The State of Pakistan's Economy
By Dr Akmal Hussain: Dawn, Feb 28, 2008
IN spite of the claims by the Musharraf regime that they had launched Pakistan’s economy on to a new trajectory of high growth, it has now begun to slow down. There are mounting pressures on the balance of payments, high inflation and severe shortages of energy and water. This clearly indicates that the brief spurt in GDP growth during the Musharraf period was unsustainable.
As the newly elected democratic government prepares to face the challenge of achieving sustained growth with rapid poverty reduction, it may be helpful to examine the roots of unstable GDP growth and endemic poverty in Pakistan.
The latest work of Nobel Prize winning economist, Douglass North, and his colleagues who have pioneered the New Institutional Economics may be relevant in addressing the challenge before the new government. North, et al have shown that in order for markets to function for sustained growth an underlying institutional structure in the polity and economy is necessary. These institutions provide equal access to all citizens on the basis of merit to compete in the economy and polity. The institutional structure embodies incentives for competition, hard work, efficiency and innovation through which GDP growth becomes sustainable.
In Pakistan unstable GDP growth and endemic poverty are located in an elite based structure of power which excludes the majority of the people from high quality education, health facilities, access to land and the high wage end of the labour market. Consequently most citizens of Pakistan are denied the opportunity of actualising their productive potential and thereby contributing to a growth process that is both sustainable and equitable. It is now widely recognised that inequality adversely affects both the sustainability of growth as well as its capacity for poverty reduction. Pakistan’s power structure and the inequality it engenders prevents most of the population from playing its full role in the economy. Those excluded are the poor, women, the illiterate, the inadequately educated, the semi-skilled and the unskilled. Therefore there is a constriction of the human potential through which entrepreneurship, investment, innovation and productivity growth can occur to sustain growth.

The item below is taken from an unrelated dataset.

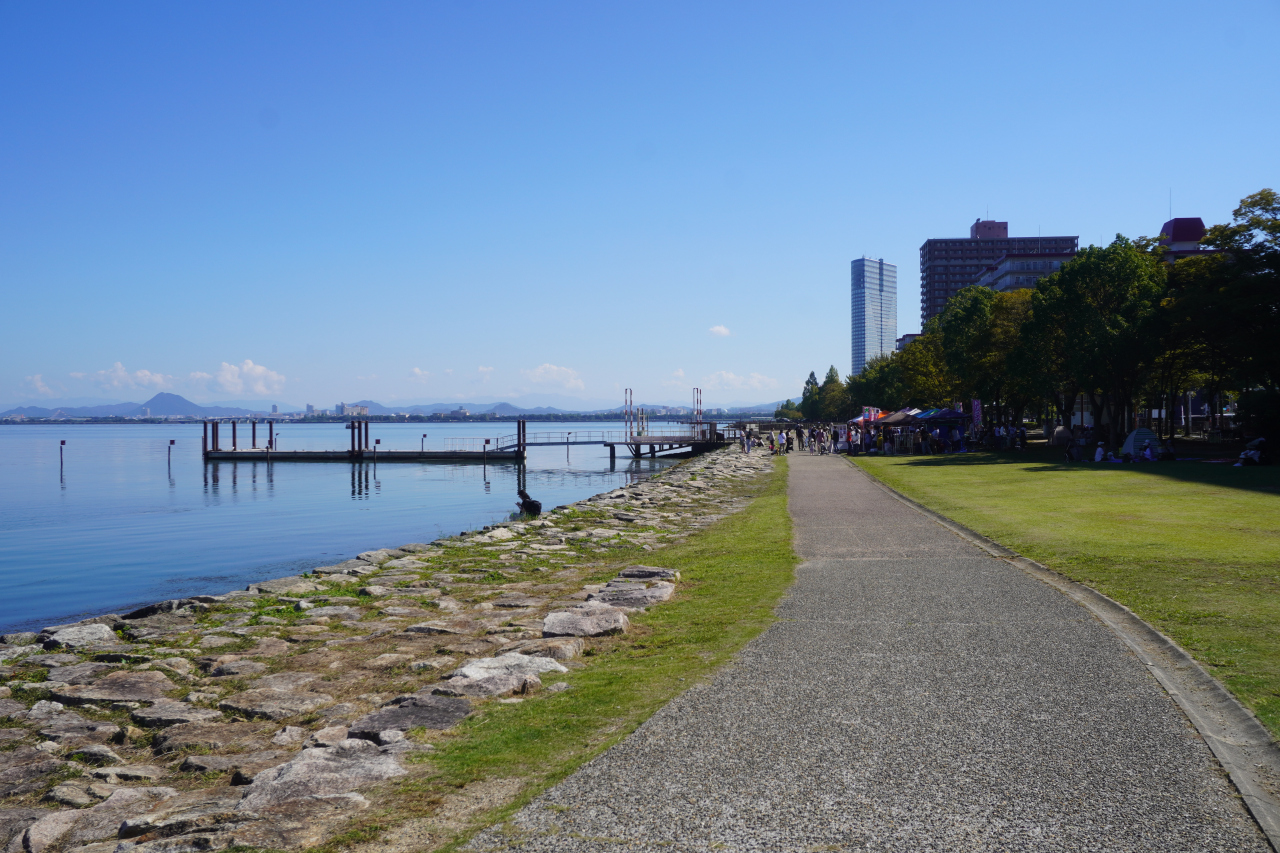 びわ湖ホールの裏手、琵琶湖の方に出ると、湖岸を東に向かって延びる遊歩道があって、それがなぎさのプロムナード。歩いている人や自転車に乗っている人もいて、思い思い。長閑な景色を眺めながら、開放感のある遊歩道の雰囲気を楽しんでいました。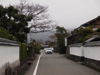 萩は雲が低く立ち込めて時折り霧雨が降っていますが路面を濡らす程ではありません。

At the same time the poverty reduction capacity of growth is constrained by the institutional environment of the state and the economy: The poor face a structure of state power, markets and institutions, which discriminate against their access to resources, public services and government decision-making.
It can be argued that the failure to achieve sustained high growth in the past, as well as inequality, is located in the governance model itself. As I have suggested in my recent research work, within Pakistan’s governance model (originating in the Raj), power has been historically constituted by accessing state resources for arbitrary transfer as patronage to selected individuals. During the pre-independence period resource gratification within this governance model was conducted to win loyalty for the Raj.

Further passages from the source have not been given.